*** Opening of Recorded information ***
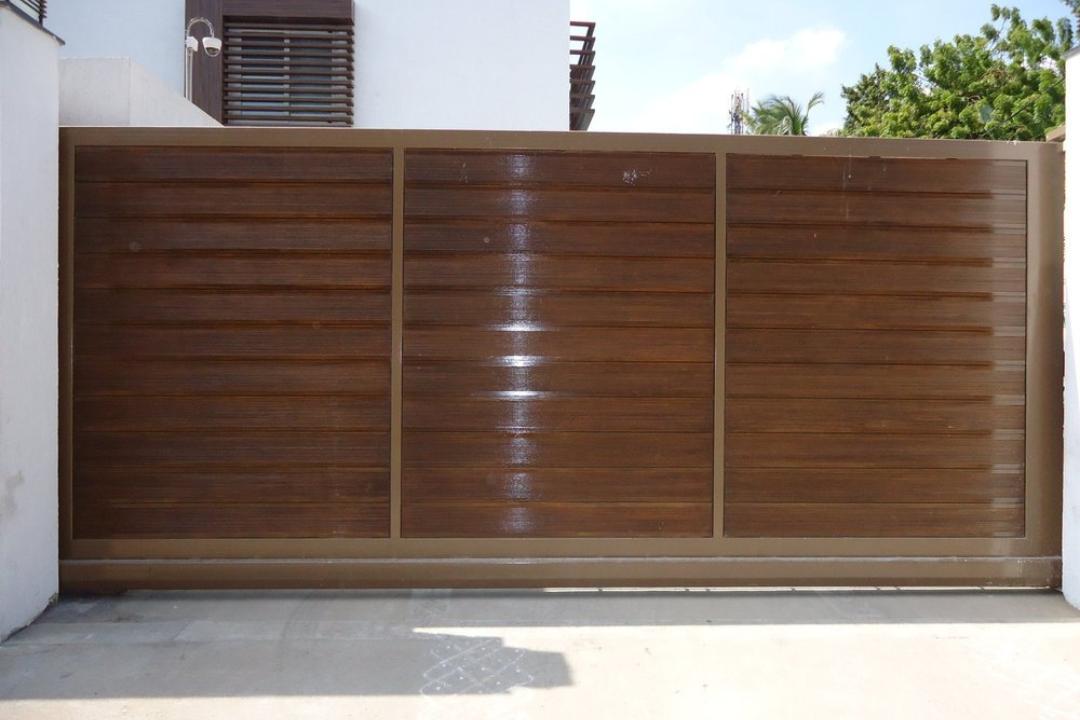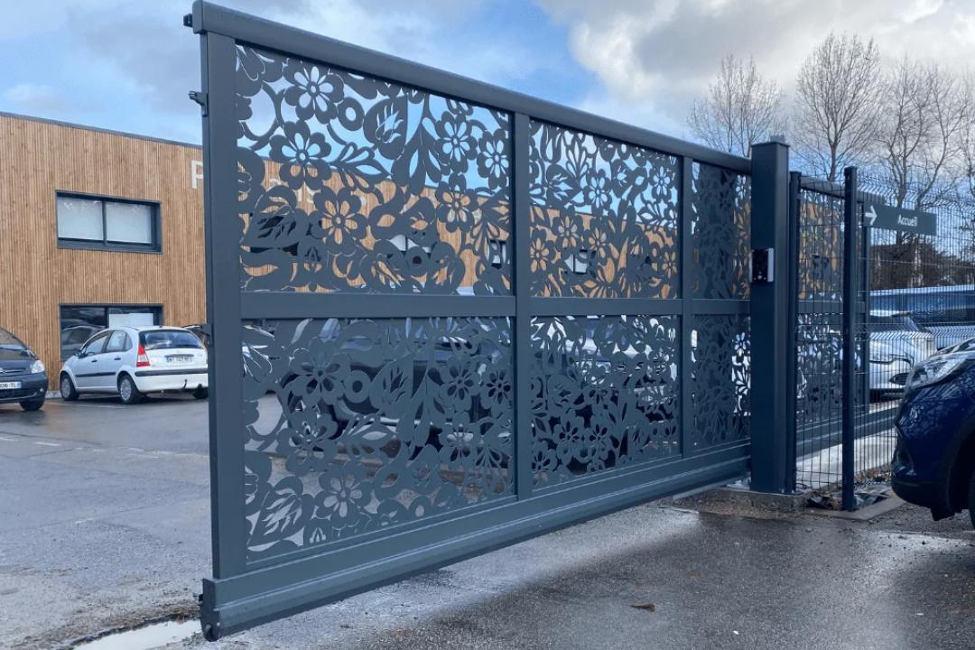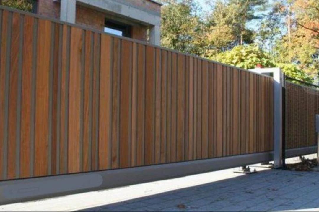 The gate is supported by a set of rollers attached to a concrete foundation on one side of the opening. The gate itself slides smoothly in the air, above the ground.
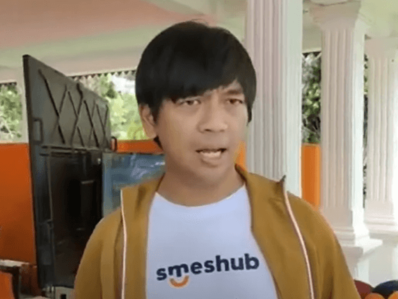 Rian tampak menyerahkan satu karung besar untuk korban gempa. Rian hadir menggunakan kaus putih dan menggunakan jaket berwarna cokelat.
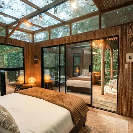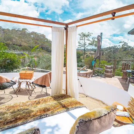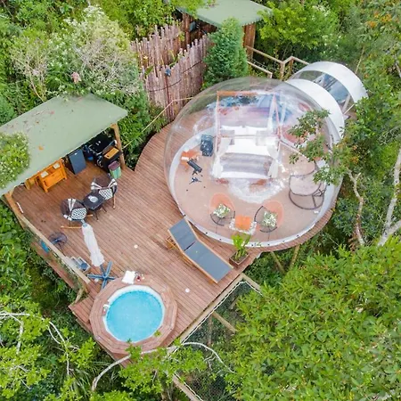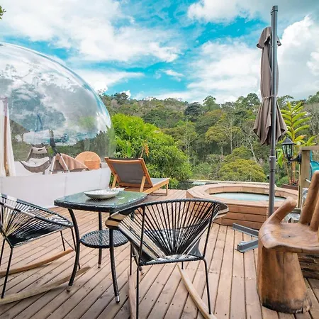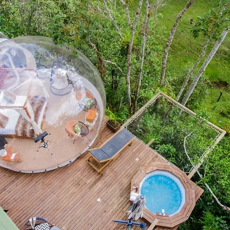 The 8-room Bubblesky Glamping Guatape Hotel villa is situated approximately 25 minutes' stroll from Rock of Guatape and provides a hot tub, ensuring a relaxing stay. Featuring bicycle rentals, the Guatape luxury tent invites guests to visit Plazoleta de Los Zocalos, situated 1.7 miles away.
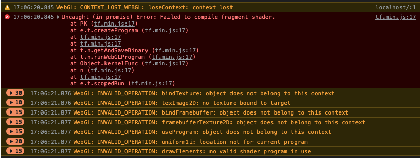 正如@vladimir-mandic建议的那样,问题最终是GPU耗尽了内存。但是,将WEBGL_DELETE_TEXTURE_THRESHOLD设置为零对我的情况没有帮助。
*** Close of Recorded information ***
**What to work on**
Set down the data above exactly as written. Omit the pictures.

**Task output**
 The gate is supported by a set of rollers attached to a concrete foundation on one side of the opening. The gate itself slides smoothly in the air, above the ground.
 Rian tampak menyerahkan satu karung besar untuk korban gempa. Rian hadir menggunakan kaus putih dan menggunakan jaket berwarna cokelat.
 The 8-room Bubblesky Glamping Guatape Hotel villa is situated approximately 25 minutes' stroll from Rock of Guatape and provides a hot tub, ensuring a relaxing stay. Featuring bicycle rentals, the Guatape luxury tent invites guests to visit Plazoleta de Los Zocalos, situated 1.7 miles away.
 正如@vladimir-mandic建议的那样,问题最终是GPU耗尽了内存。但是,将WEBGL_DELETE_TEXTURE_THRESHOLD设置为零对我的情况没有帮助。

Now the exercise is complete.